(DATA SECTION begins)

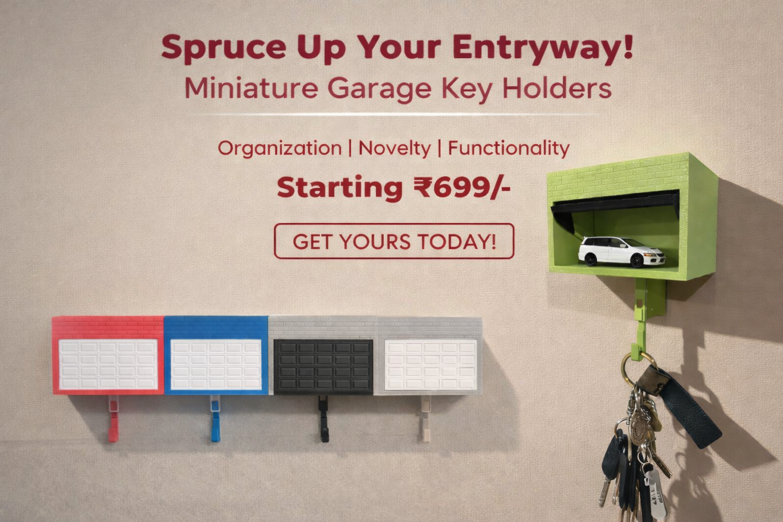Miniature Car Garage Key Holder with 1:64 Scale Model â Wall Mount with Opening Garage Door (With Car)
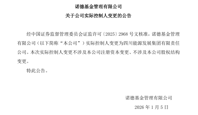 1月5日,諾德基金發(fā)布公告稱,經(jīng)證監(jiān)會核準(zhǔn),公司實際控制人變更為四川能源發(fā)展集團(tuán)有限責(zé)任公司,本次實際控制人變更不涉及公司注冊資本與股權(quán)結(jié)構(gòu)變更。
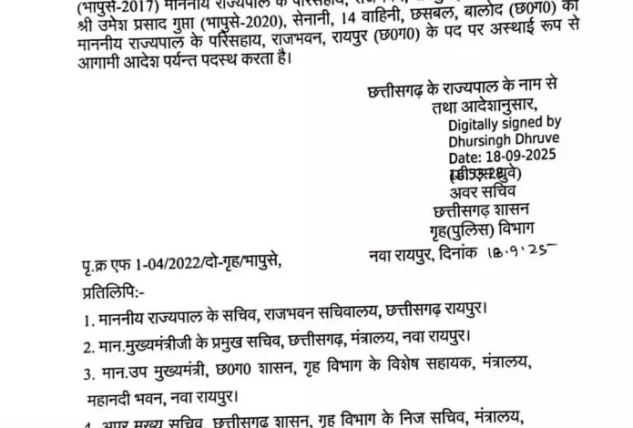 रायपुर। छत्तीसगढ़ में राज्यपाल के परिसहाय में बदलाव किया गया है। 2020 बैच के आईपीएस अधिकारी उमेश गुप्ता को राज्यपाल का नया एडीसी नियुक्त किया गया है। वह आईपीएस सुनील कुमार शर्मा के स्थान पर यह पद संभालेंगे। इस संबंध में गृह विभाग की ओर से आदेश भी जारी कर दिया गया है।
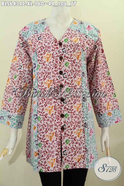 Jual Online Batik Blus Masa Kini, Produk Pakaian Batik Kerah V Dual Motif Bahan Halus Harga Terjangkau [BLS6434C-XL]
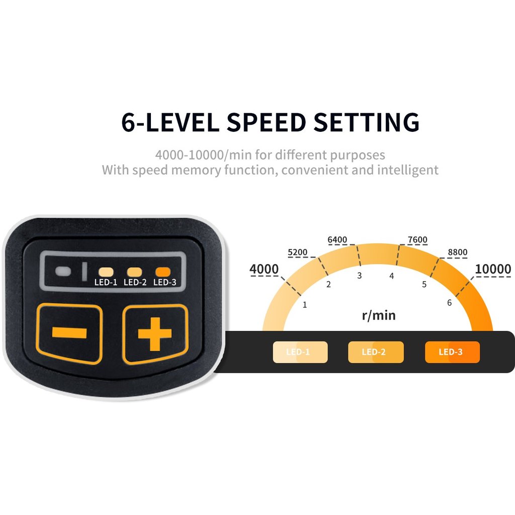 Akkuschleifer mit 3 mm Schleifhub für 32 mm Schleifblüten. Kit enthält Maschine mit Akku und Ladegerät sowie je 1 Pack Schleifblüten Micrum P2000 + P3000.
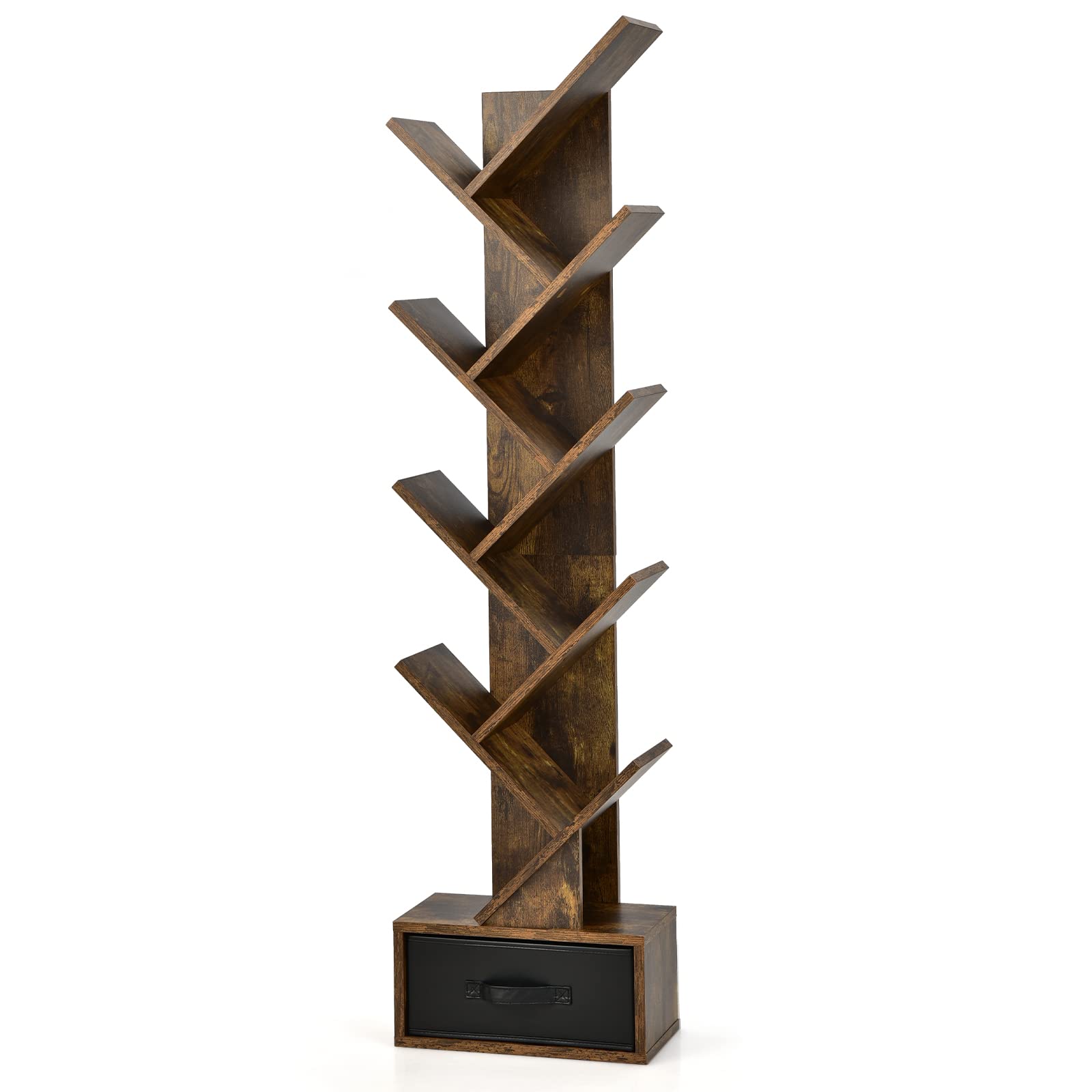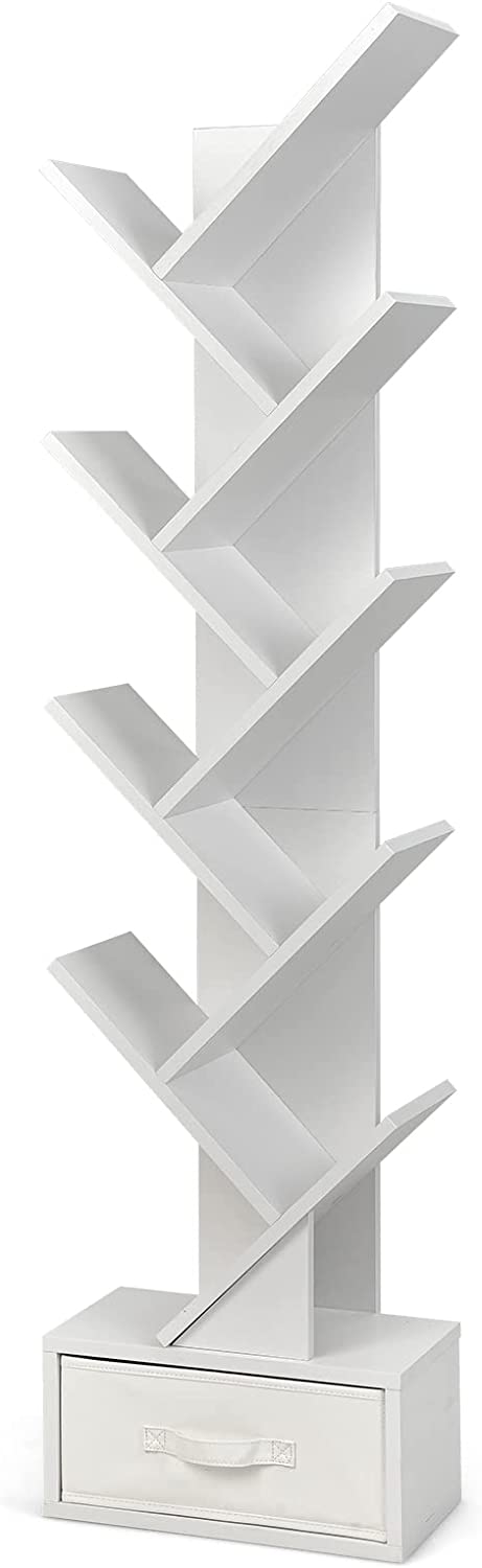 Giantex Tree Bookshelf with Drawer, 10 Shelf Space Saving

(DATA SECTION ends)

> [WHAT TO DO] What should appear is an exact copy of the lines from the one containing "रायपुर। छत्तीसगढ़ में" through the last line of the records above, pictures excluded.

> [SOLUTION TO THE EXERCISE]
 रायपुर। छत्तीसगढ़ में राज्यपाल के परिसहाय में बदलाव किया गया है। 2020 बैच के आईपीएस अधिकारी उमेश गुप्ता को राज्यपाल का नया एडीसी नियुक्त किया गया है। वह आईपीएस सुनील कुमार शर्मा के स्थान पर यह पद संभालेंगे। इस संबंध में गृह विभाग की ओर से आदेश भी जारी कर दिया गया है।
 Jual Online Batik Blus Masa Kini, Produk Pakaian Batik Kerah V Dual Motif Bahan Halus Harga Terjangkau [BLS6434C-XL]
 Akkuschleifer mit 3 mm Schleifhub für 32 mm Schleifblüten. Kit enthält Maschine mit Akku und Ladegerät sowie je 1 Pack Schleifblüten Micrum P2000 + P3000.
 Giantex Tree Bookshelf with Drawer, 10 Shelf Space Saving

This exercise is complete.